Health food store relies on word of mouth

At both Capers stores - in the West Vancouver and Kitsilano areas of Vancouver - the blond wooden beams featured in the cafes and groceteria exteriors were imported from the Nelson, b.c. organic farm of company owner Russell Precious.It is a...

At both Capers stores – in the West Vancouver and Kitsilano areas of Vancouver – the blond wooden beams featured in the cafes and groceteria exteriors were imported from the Nelson, b.c. organic farm of company owner Russell Precious.

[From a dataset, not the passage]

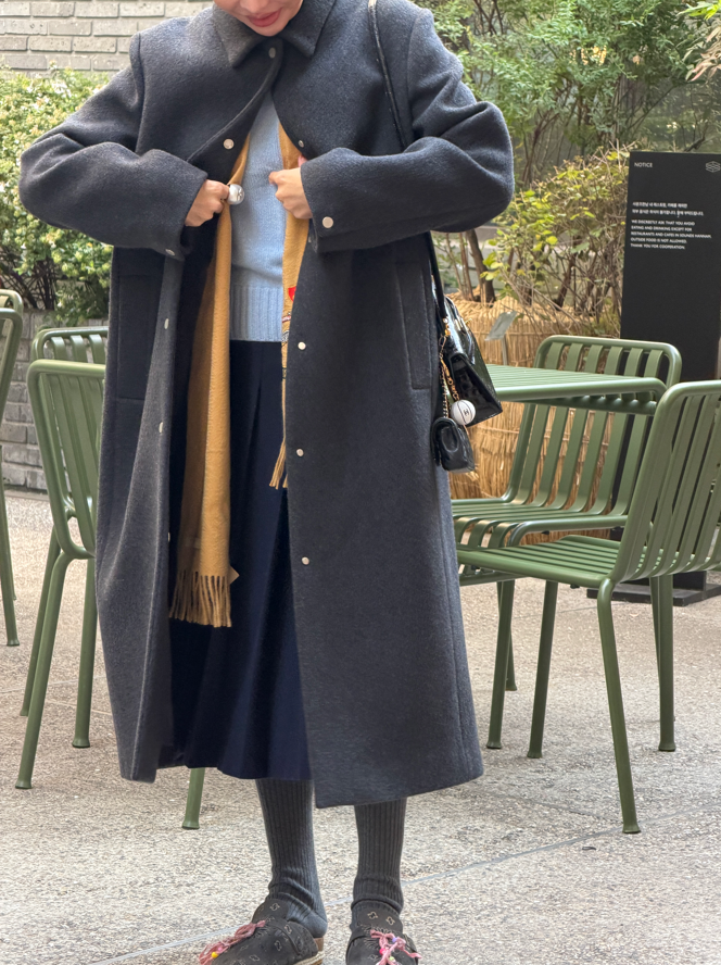 심플한 아름다움을 보여주는 클래식한 디자인의 울 코트로 유행에 구애받지 않으며 데일리로 입기에 적당합니다.

It is a tiny detail that goes unnoticed by most of the customers milling about the pastorally decorated stores, sniffing and squeezing organically grown plantains and Jerusalem artichokes.

Yet, it is a detail that speaks volumes about the company’s commitment to the Earth, simplicity, honesty, and roots, as well as its need to relay all of that to new and loyal customers alike.

‘We’re dependent on them,’ says Marketing Director JoAnn Issenman of the customers at Capers Whole Foods Market & Restaurants.

‘It’s what we teach our staff,’ Issenman says. ‘And it’s written in our handbook that customers are not an interruption to our day.’

If that sounds kind of simple and obvious, it is. But the philosophy contributes to the folksy, grassroots communal appeal of Capers.

‘It’s part of our nature,’ Issenman says.

It is also part of business.

Since Capers began in 1985 in an old iga grocery store in the Dundarave area of West Vancouver, Capers has harvested a niche market, serving the nutritional needs of enlightened West Coast epicurists.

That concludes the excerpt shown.